### PROBLEM REQUIREMENTS
Keeping every word the same, give again only the lines from the one with "Ο Σπύρος Κωνσταντόπουλος" through the end of the data, both included, and leave every picture out.

------ DATA ------

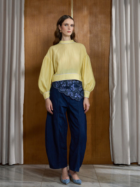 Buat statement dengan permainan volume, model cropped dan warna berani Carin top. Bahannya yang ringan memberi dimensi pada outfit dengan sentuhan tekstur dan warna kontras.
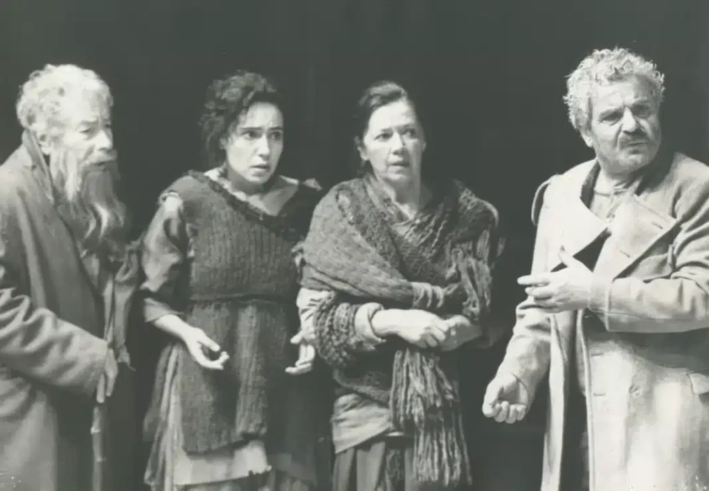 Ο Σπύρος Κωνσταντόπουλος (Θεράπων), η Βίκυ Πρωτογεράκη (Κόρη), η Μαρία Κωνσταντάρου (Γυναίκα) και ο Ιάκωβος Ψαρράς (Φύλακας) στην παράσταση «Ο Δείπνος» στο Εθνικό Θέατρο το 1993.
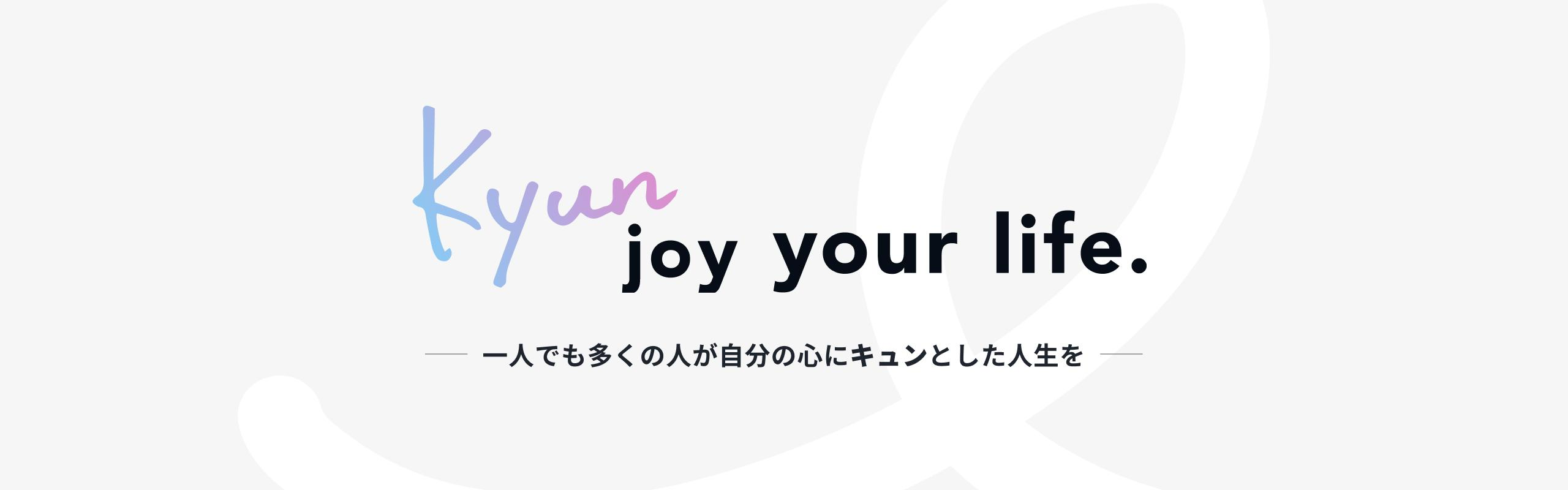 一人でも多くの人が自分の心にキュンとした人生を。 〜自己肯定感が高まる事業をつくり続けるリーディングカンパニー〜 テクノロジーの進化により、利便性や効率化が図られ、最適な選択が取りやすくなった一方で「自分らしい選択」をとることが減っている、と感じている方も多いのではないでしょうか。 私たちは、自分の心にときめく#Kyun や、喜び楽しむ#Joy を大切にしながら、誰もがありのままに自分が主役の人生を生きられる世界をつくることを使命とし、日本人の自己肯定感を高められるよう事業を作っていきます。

------

### SOLUTION
 Ο Σπύρος Κωνσταντόπουλος (Θεράπων), η Βίκυ Πρωτογεράκη (Κόρη), η Μαρία Κωνσταντάρου (Γυναίκα) και ο Ιάκωβος Ψαρράς (Φύλακας) στην παράσταση «Ο Δείπνος» στο Εθνικό Θέατρο το 1993.
 一人でも多くの人が自分の心にキュンとした人生を。 〜自己肯定感が高まる事業をつくり続けるリーディングカンパニー〜 テクノロジーの進化により、利便性や効率化が図られ、最適な選択が取りやすくなった一方で「自分らしい選択」をとることが減っている、と感じている方も多いのではないでしょうか。 私たちは、自分の心にときめく#Kyun や、喜び楽しむ#Joy を大切にしながら、誰もがありのままに自分が主役の人生を生きられる世界をつくることを使命とし、日本人の自己肯定感を高められるよう事業を作っていきます。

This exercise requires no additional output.